From Travel Daily News
Embraer Commercial Aviation released, during the Marrakech Air Show, in Morocco, its market outlook for Africa, which forecasts that the region will take delivery of 240 new jets in the 70 to 130-seat segment over the next 20 years. The 70 to 130-seat jet fleet in service is estimated to grow from the current 120 units to 260 by 2034.
“Africans are turning progressively to air travel. As in Asia, economic expansion, a growing urban middle class, continued market liberalisation and regional integration will be the main drivers of air transport demand,” explains Simon Newitt, Vice President, Latin America, Africa & Portugal, Embraer Commercial Aviation.
“With right-sized aircraft, such as the E-Jets family, African carriers would be able to offer a better combination of capacity and frequency in core as well as low to mid-density markets.”
According to the Embraer study, there are still ample connectivity opportunities within the African region although traffic remains concentrated in the largest cities. Of more than 300 of the region’s airports operating in 2015, only eight connected 25 or more cities while 240 airports linked five or less cities.
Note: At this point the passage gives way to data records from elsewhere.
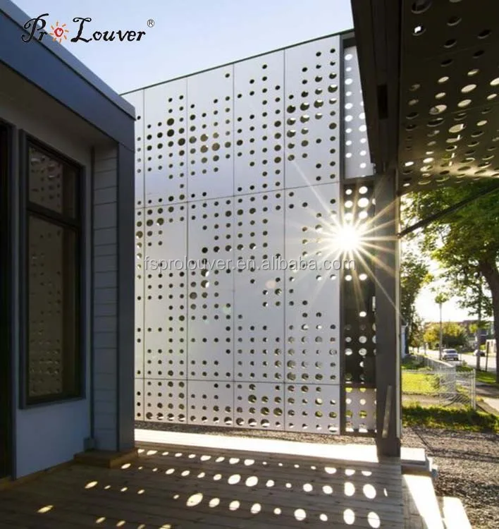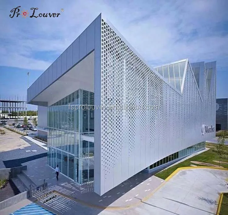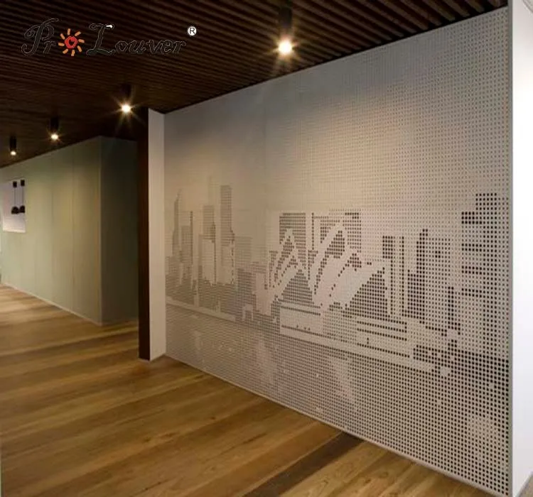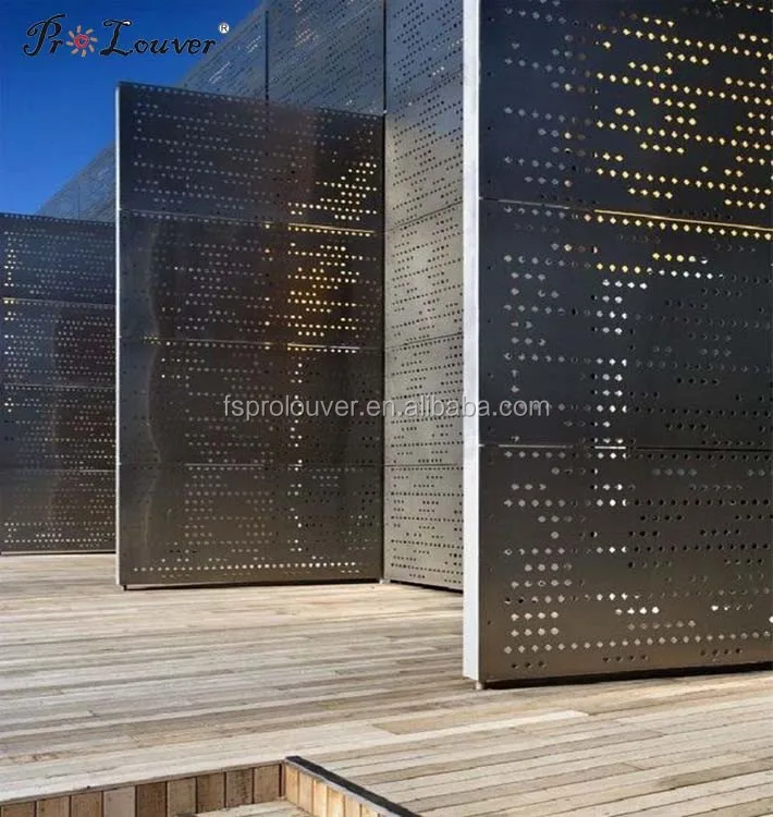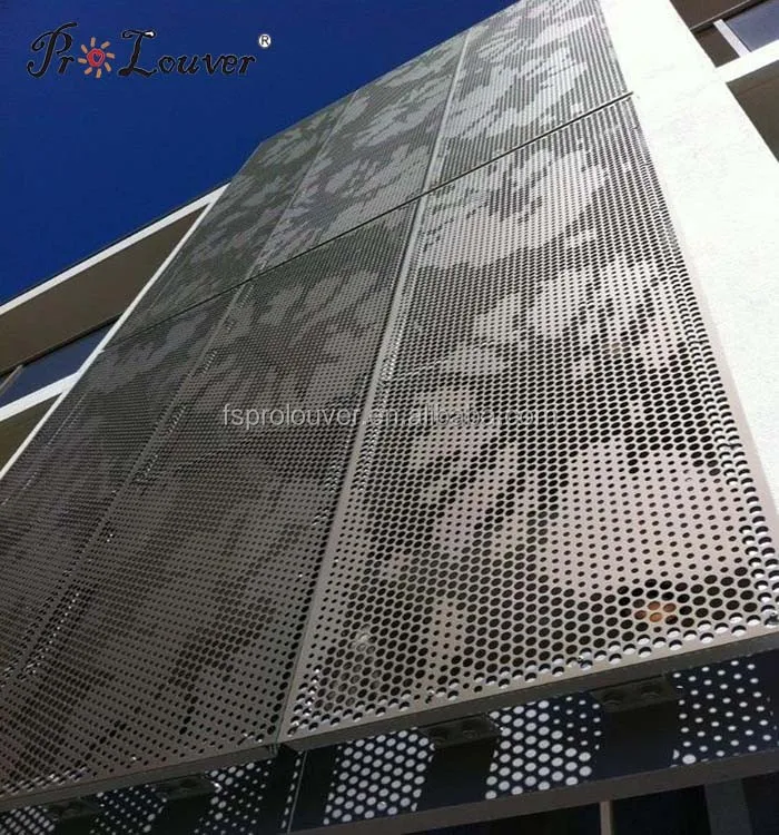 PROLOUVER Anodized/AkzoNobel powder coating/PVDF perforated metal panel used for facade curtain wall,sun screen,handrail,interior decoration, screening. And it can be hollowed according to your sample or CAD drawing. It can also be folded, curved according to request.
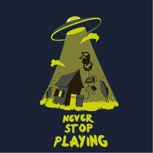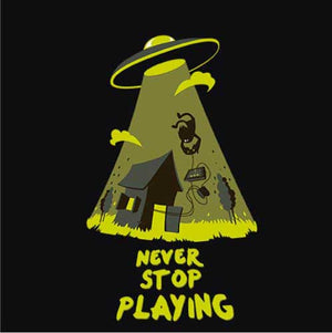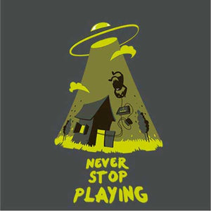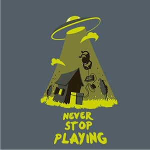 Tous les gamers le savent, et ce t-shirt en atteste d’ailleurs avec humour, il n’est jamais évident d’arrêter une partie ! Qu’on soit plongé dans un long mode solo, ou bien dans une courte session multi, éteindre la console ou l’ordinateur relève du défi. Les jeux vidéo nous immergent dans d’autres mondes, nous offrent des sensations comme nuls autres… et ça les rend extrêmement addictifs ! De là à ne pas pouvoir arrêter de jouer en pleine invasion extraterrestre ? Le doute est permis ! Un tee-shirt ultra stylé pour tous les maîtres du pad et du clavier.
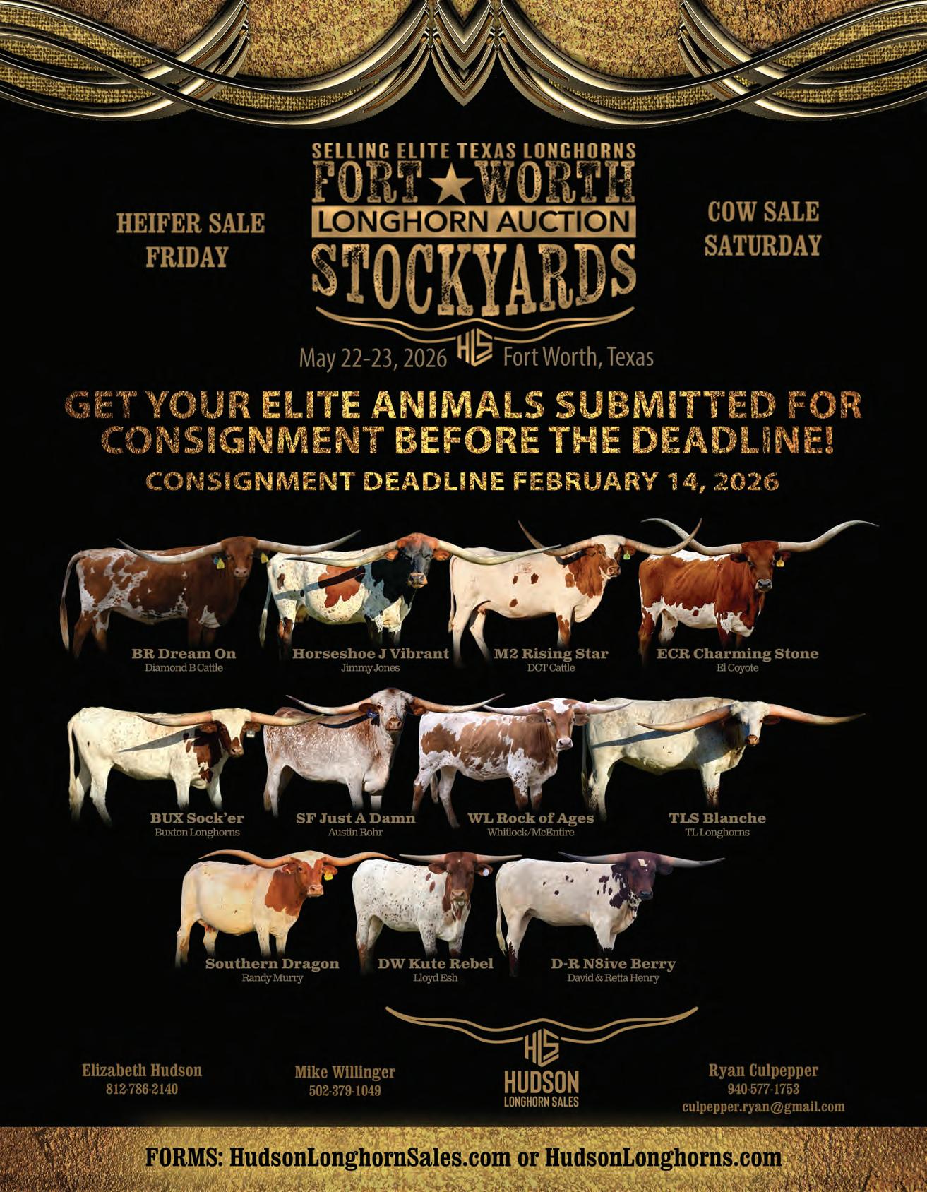May 22-23, 2026 • Fort Worth Stockyards Longhorn Auction, Heifer Sale Friday - Cow Sale Saturday. Contact Hudson Longhorn Sales, Elizabeth Hudsonehudson18@gmail.com or (812) 786-2140.
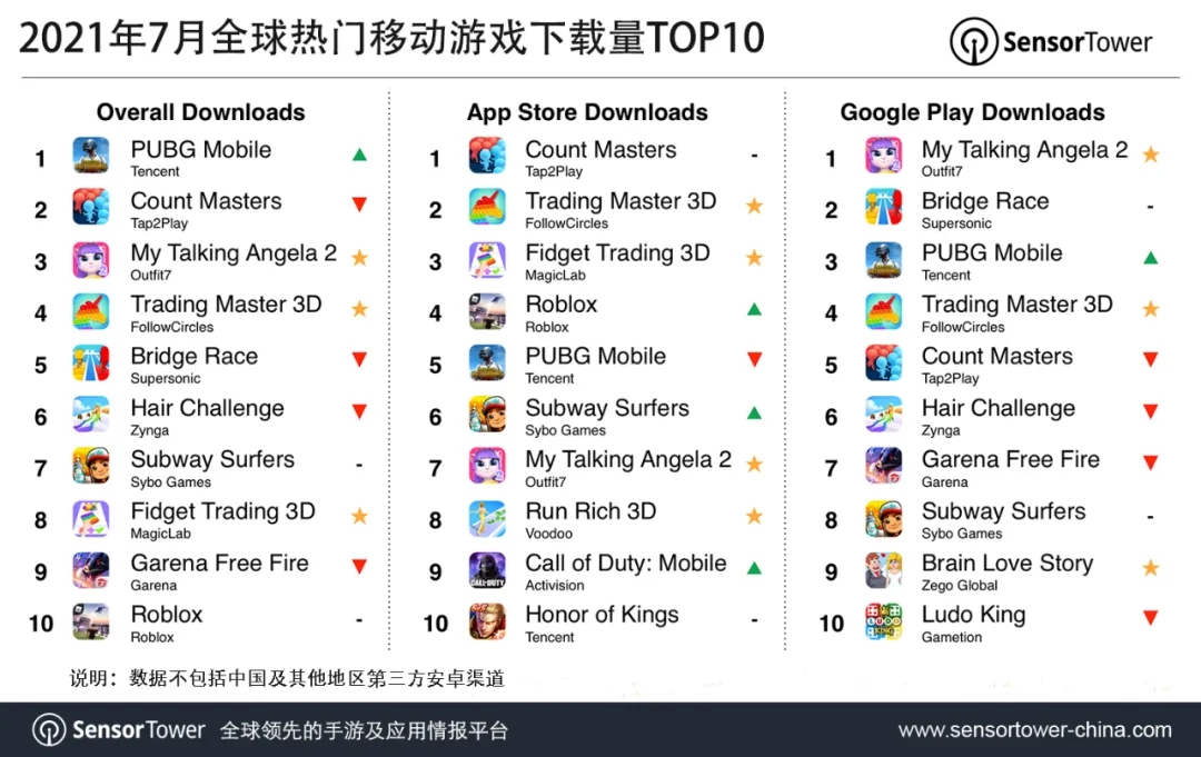 原标题:2021年7月全球热门移动游戏下载量TOP10
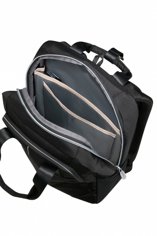 Dedykowane przestrzenie na laptop 14,1'' i tablet 10,5'' zabezpieczają urządzenia w trakcie przenoszenia. Uzupełnieniem są przednia kieszeń na suwak i boczne kieszenie, które ułatwiają wygodne rozmieszczenie dokumentów oraz drobnych elementów wyposażenia.
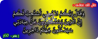 ![]() لو رأيت طفلاً صغيراً يجرى نحوك ثم يحتمى بك ويقول لك بكل لهفة إلحقنى. هتعمل إيه؟ أكيد الفِطرة التى بداخلك من حُب الخير هى من ستجعلك تحمى هذا الطفل مما يخاف حتى لو لم تكن تعرفه مسبقاً. ولو كان الطفل ده مثلاً صبى القهوة اللى جنب بيتكم وفيه زبون بيضربه مستغل أن المعلم مش موجود هتعمل إيه؟. أكيد هتحوش عنه مش لأنه جارك وسِنه صغير وبس لأ ده لأنه كمان بيستنجد بيك. ولو عرفت بقى أن ابنك مثلاً رجال كثير ناويين يخطفوه وهم طبيعى عددهم مهما كان أكتر منك الطبيعى برضه أن أنت مش هتنتظر ان ابنك يناديك عشان تلحقه بل ستبذل اقصى ما عندك حتى لو هتموت فيها. مش كده برضه ولا إيه؟. ![]() ![]() ![]() وكلام ربنا خير دليل: - أنَّ الله تعالى وعد بإجابة الدعاء فقال: {وَإِذَا سَأَلَكَ عِبَادِي عَنّي فَإِنّي قَرِيبٌ أُجِيبُ دَعْوَةَ ٱلدَّاعِ إِذَا دَعَانِ} [البقرة: 186]، وقال: {أَمَّن يُجِيبُ ٱلْمُضْطَرَّ إِذَا دَعَاهُ وَيَكْشِفُ ٱلسُّوء} [النمل: 62]، وقال: {ٱدْعُونِى أَسْتَجِبْ لَكُمْ} [غافر:60]. ![]() ![]() من آداب الدعاء: ــــــــــــــــــــــــــــــ ــــــ *الإخلاص لله جل وعلا . * وأن تبدأ بحمد الله والثناء عليه ثم بالصلاة على النبي عليه الصلاة والسلام وتختم بذلك . * أن تكون جازماً في الدعاء وأن تكون موقناً بالإجابة . * أن تكون ملحاحاً في دعائك ولا تستعجل الإجابة . * أن تكون حاضر القلب في دعائك فإن الله لا يقبل الدعاء من قلب لاهٍ . *الدعاء في الرخاء والشدة .اعرف الله فى الرخاء يعرفك فى الشدة. * لا يسأل إلا الله وحده . * عدم الدعاء على الأهل ، والمال ، والولد ، والنفس . * أن تخفض صوتك بالدعاء بين المخافتة والجهر . * الاعتراف بالذنب ، والاستغفار منه ، والاعتراف بالنعمة ، وشكر الله عليها . * عدم تكلف السجع في الدعاء. * أن تخشع في دعائك وتستحضر عظمة الله ورحمته .. * كثرة الأعمال الصالحة ، فإنها سبب عظيم في إجابة الدعاء. * رد المظالم مع التوبة . * الدعاء ثلاثاً. * استقبال القبلة . *رفع الأيدي في الدعاء . * الوضوء قبل الدعاء إذا تيسر . * أن يبدأ الداعي بنفسه إذا دعا لغيره . *أن يتوسل إلى الله بأسمائه الحسنى وصفاته العلى ، أو بعمل صالح قام به الداعي نفسه ، أو بدعاء رجل صالح له . *التقرب إلى الله بكثرة النوافل بعد الفرائض ، وهذا من أعظم أسباب إجابة الدعاء . *أن يكون المطعم والمشرب والملبس من حلال . * لا يدعو بإثم أو قطيعة رحم . *أن يدعو لإخوانه المؤمنين ، ويحسن به أن يخص الوالدان والعلماء والصالحون والعباد بالدعاء ، وأن يخص بالدعاء من في صلاحهم صلاح للمسلمين كأولياء الأمور وغيرهم ، ويدعو للمستضعفين والمظلومين من المسلمين . * أن يسأل الله كل صغيرة وكبيرة . * أن يأمر بالمعروف وينهى عن المنكر . * الابتعاد عن جميع المعاصي . * أن تستقبل القبلة وأن تكون على طهارة . * أن تكون طيب المطعم والملبس والمشرب ، فإن الله طيب لا يقبل إلا طيباً .. * أن تتحرى أوقات الإجابة لا سيما عشية يوم عرفة ، وبين الأذان والإقامة, ويوم الجمعة فهناك ساعة إجابة, والثلث الأخير من الليل ، وأثناء الصيام "فللصائم عند فطره دعوة لاترد", ودعاء المسافر أيضاً مجاب ودعاء الوالد لولده, ودعاء المظلوم ليس بينه وبين الله حجاب , وكذلك الأوقات الفاضلة مثل الطواف والسعي . وعند شرب زمزم مع النية الصادقة . -منقول من مصادر متعددة- . ![]() أخطاء تقع فى الدعاء: ــــــــــــــــــــــــــــــ ــــــــــــ *يشتمل الدعاء على شئ من التوسلات الشركية أو البدعية . * تمني الموت وسؤال الله ذلك . * الدعاء بتعجل العقوبة . * الدعاء بما هو مستحيل أو بما هو ممتنع عقلاً أو عادة أو شرعاً. * الدعاء بأمر قد تم وحصل بالفعل وفُرغ منه . * أن يدعوا بشئ دلّ الشرع على عدم وقوعه . *الدعاء على الأهل والأموال والنفس . * الدعاء بالإثم كأن يدعو على شخص أن يبتلى بشئ من المعاصي . * الدعاء بقطيعة رحم . * الدعاء بانتشار المعاصي . * تحجير الرحمة ، كأن يقول : اللهم اشفني وحدي فقط وارزقني وحدي فقط . *أن يخص الإمام نفسه بالدعاء دون المأمومين إذا كانوا يؤمنون وراءه . * ترك
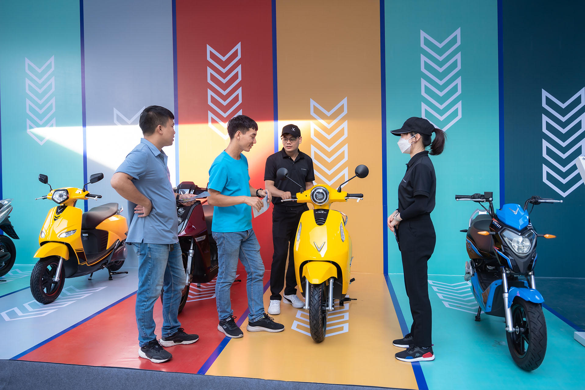 Dải xe máy điện VinFast được trưng bày tại chuỗi triển lãm “VinFast – Vì tương lai xanh”
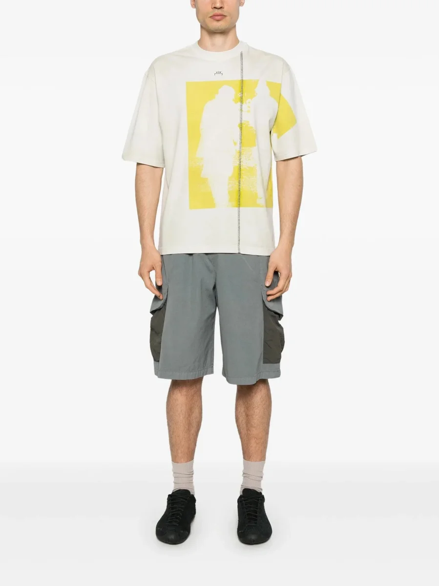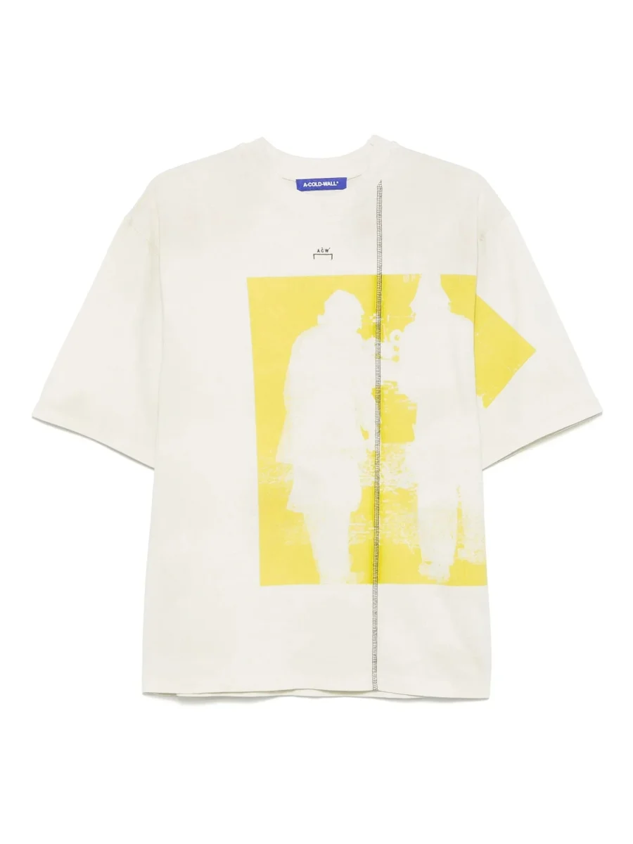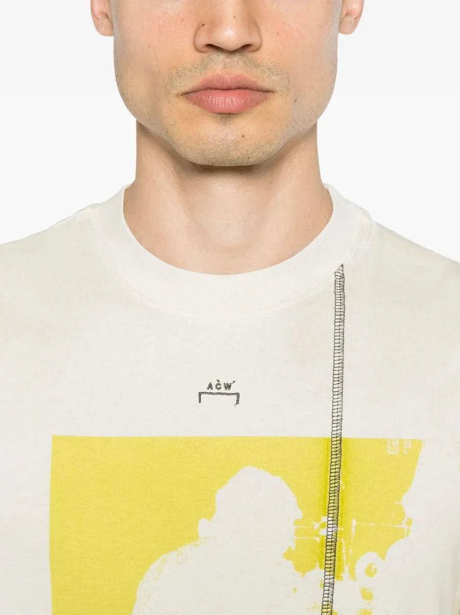 Maglietta girocollo con logo ricamato e cucitura sul fronte presenta una maxi stampa. 100% cotone. ACWMTS214.
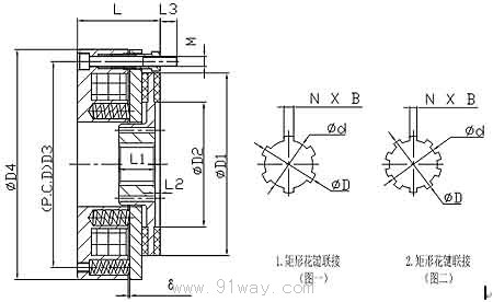 該系列電磁失電安全制動(dòng)器主要由勵(lì)磁部分(磁軛1、線圈2、彈簧3、銜鐵4)、制動(dòng)盤(pán)7、花鍵套8等主要零部件組成。勵(lì)磁部分通過(guò)安裝螺栓6安裝在機(jī)座上,旋轉(zhuǎn)安裝螺栓6調(diào)整氣隙至初始安裝氣隙推薦值δ后(見(jiàn)安裝尺寸參數(shù)表),反向旋出空心螺栓5,頂緊勵(lì)磁部分;ㄦI套通過(guò)矩形花鍵與傳動(dòng)軸相連;制動(dòng)盤(pán)7與花鍵套8通過(guò)漸開(kāi)線花鍵嚙合。當(dāng)線圈斷電時(shí),在彈簧力的作用下,制動(dòng)盤(pán)7與銜鐵4、機(jī)座9端面產(chǎn)生摩擦力,通過(guò)花鍵套8傳給傳動(dòng)軸,使軸制動(dòng)。當(dāng)線圈通電后,在電磁力作用下,銜鐵4被吸向磁軛1,使制動(dòng)盤(pán)7松開(kāi),傳動(dòng)軸制動(dòng)解除。
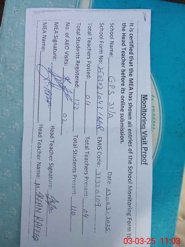 | EMIS Code: 31320109 | Name of School: GPS CHAK 31 A | |||
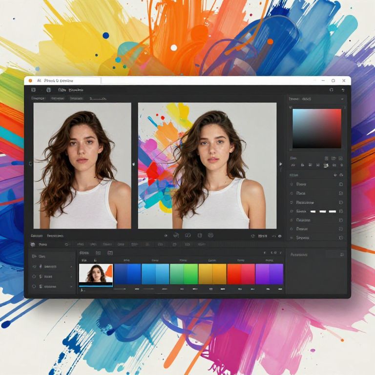 Free AI photo editor online visual concept, artistic blend of photo transformations with AI neural network graphics, colorful abstract background, digital brush strokes, futuristic UI elements, vibrant and dynamic composition showcasing advanced photo editing capabilities
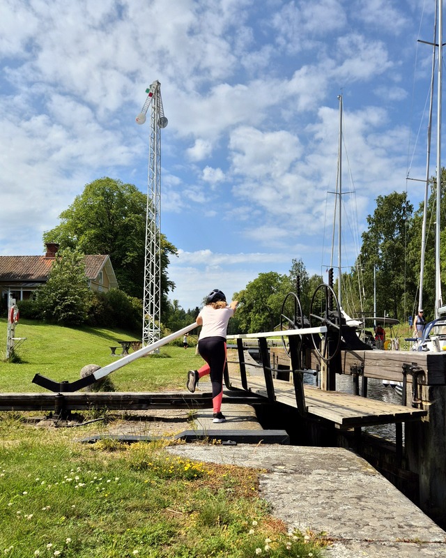 Hjälper till att öppna den manuella slussen i Tåtorp. 2024.
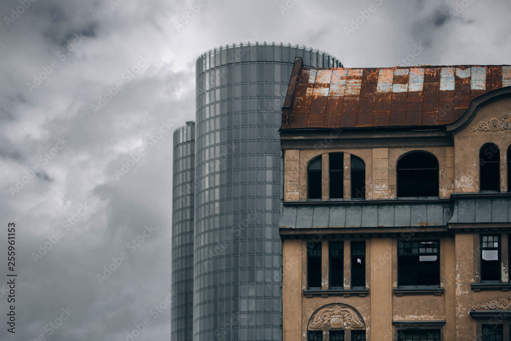 A new modern glass skyscraper and a destroyed old building. Old area ready for demolition. Very dramatic and contrast photo

Some 90% of city pairs have traffic volumes of up to 300 daily passengers yet the current fleet is comprised of large capacity aircraft – around 70% of the aircraft in the single-aisle jet fleet have more than 130 seats. Nearly 55% of intra-regional markets do not have direct flights and some 67% of all non-stop markets within the region are served with less than one daily frequency. This is a clear indication of the opportunities for air service expansion and for right capacity aircraft deployment.
At the same time, the study reveals that 83% of all Intra-African flights are departing with less than 120 passengers on board. This fact becomes even more interesting, when linking it to the average load-factor of only 68% of African airlines.